Lichter v. United States, 334 U. S. 742, 334 U. S. 756 (1948); Selective Draft Law Cases, 245 U. S. 366 (1918)  In fact, one of the first mandates in this Country was gun ownership. As Yale Law professor Akhil Reed Amar has noted, the 1792 Militia Acts which essentially mandated gun ownership.

Secondly, there is the issue of personal responsibility – something that people overlook.  Many members of the younger and healthier Gen X and Millenials who can afford health insurance choose instead to buy iPads and Droids. Naturally, this causes the ‘per person’ cost of insurance for the pool of insured that remain to increase. It so happens that the “Age 26 provision” in the Act helps Generation X purchase more iPads, even though the cause for this provision is caused by my generation’s wait-until-there-is-an-emergency attitude.

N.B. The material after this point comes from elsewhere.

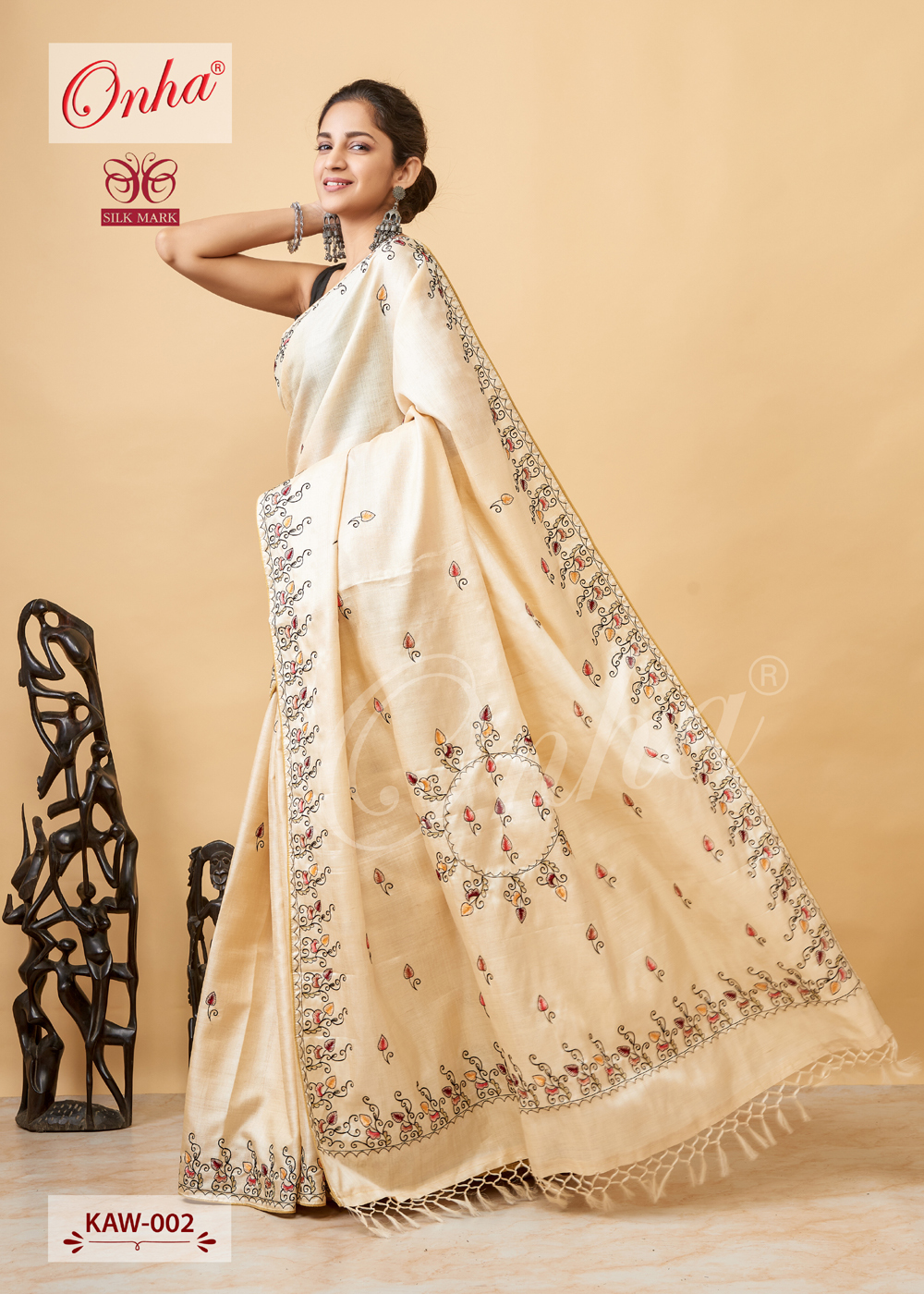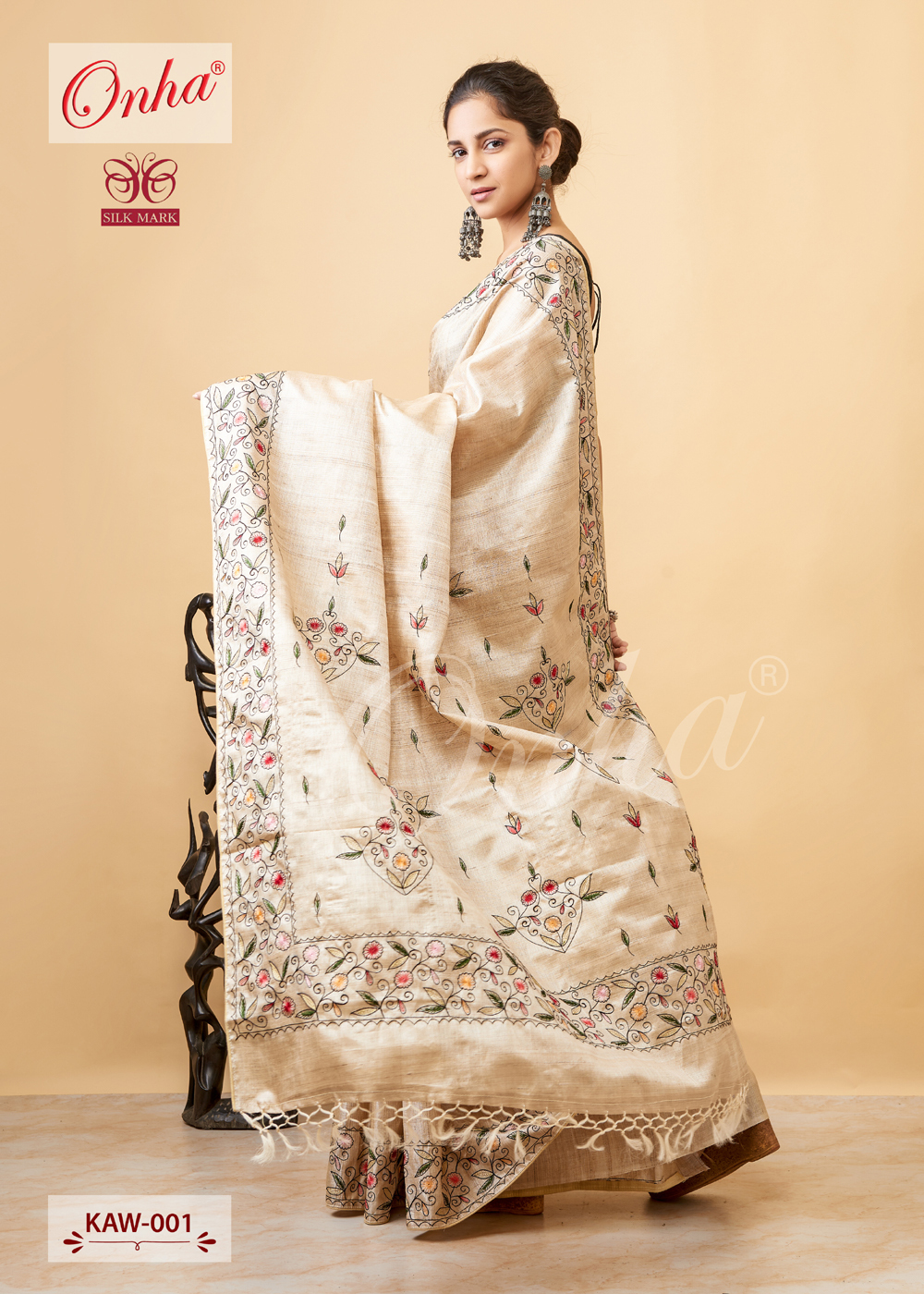 ऑफ व्हाइट देशी तुसर सिल्क हैंड एम्ब्रॉयडरी वाली साड़ी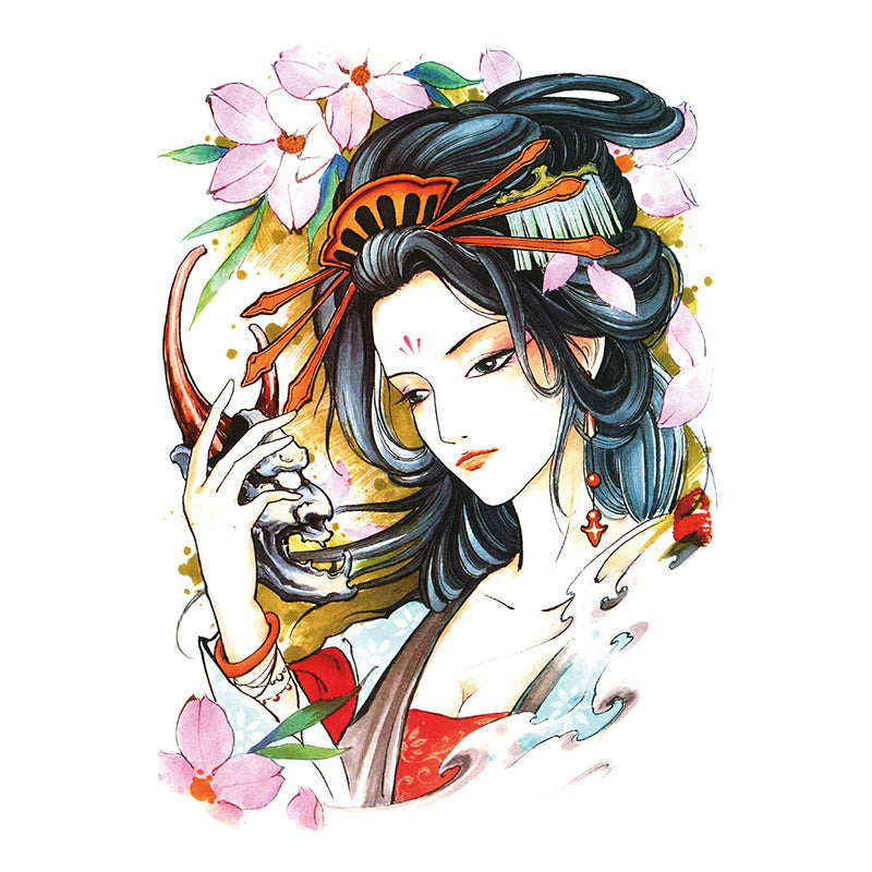 Cover your entire back with Geisha, a pretty woman in ancient times

Some had argued that market based reforms would solve the health care problem. But they would not. The reason the market did not work as well as the free-market philosophy would like is evidenced by the history in Massachusetts.  In the mid-1990s, Massachusetts along with several other northeastern states passed insurance market reforms similar to those in the Affordable Care Act.  The reforms eliminated or restricted the ability of insurance companies to discriminate against the ill via price hikes or coverage exclusions. The result in each state was the same; very high non-group insurance prices. Insurance companies worried that only the sick would enroll, and, priced their products accordingly.  However, once the Massachusetts mandate took effect, rates dropped exponentially as the insurance pool expanded to included less risky patients.

Third, there is an unfairness that needs to be looked at that health insurance paid by individuals (if not business related) are not tax-deductible.  If they were, maybe some of our younger generation would be incentivized to purchase it without the need of a mandate.

Could there be a more “free market solution?” Maybe.  But if there is, the “small government” GOP failed to offer it. In the meantime, the mandate remains under the tax & spend clause authority of the Constitution, just as Irwin predicted.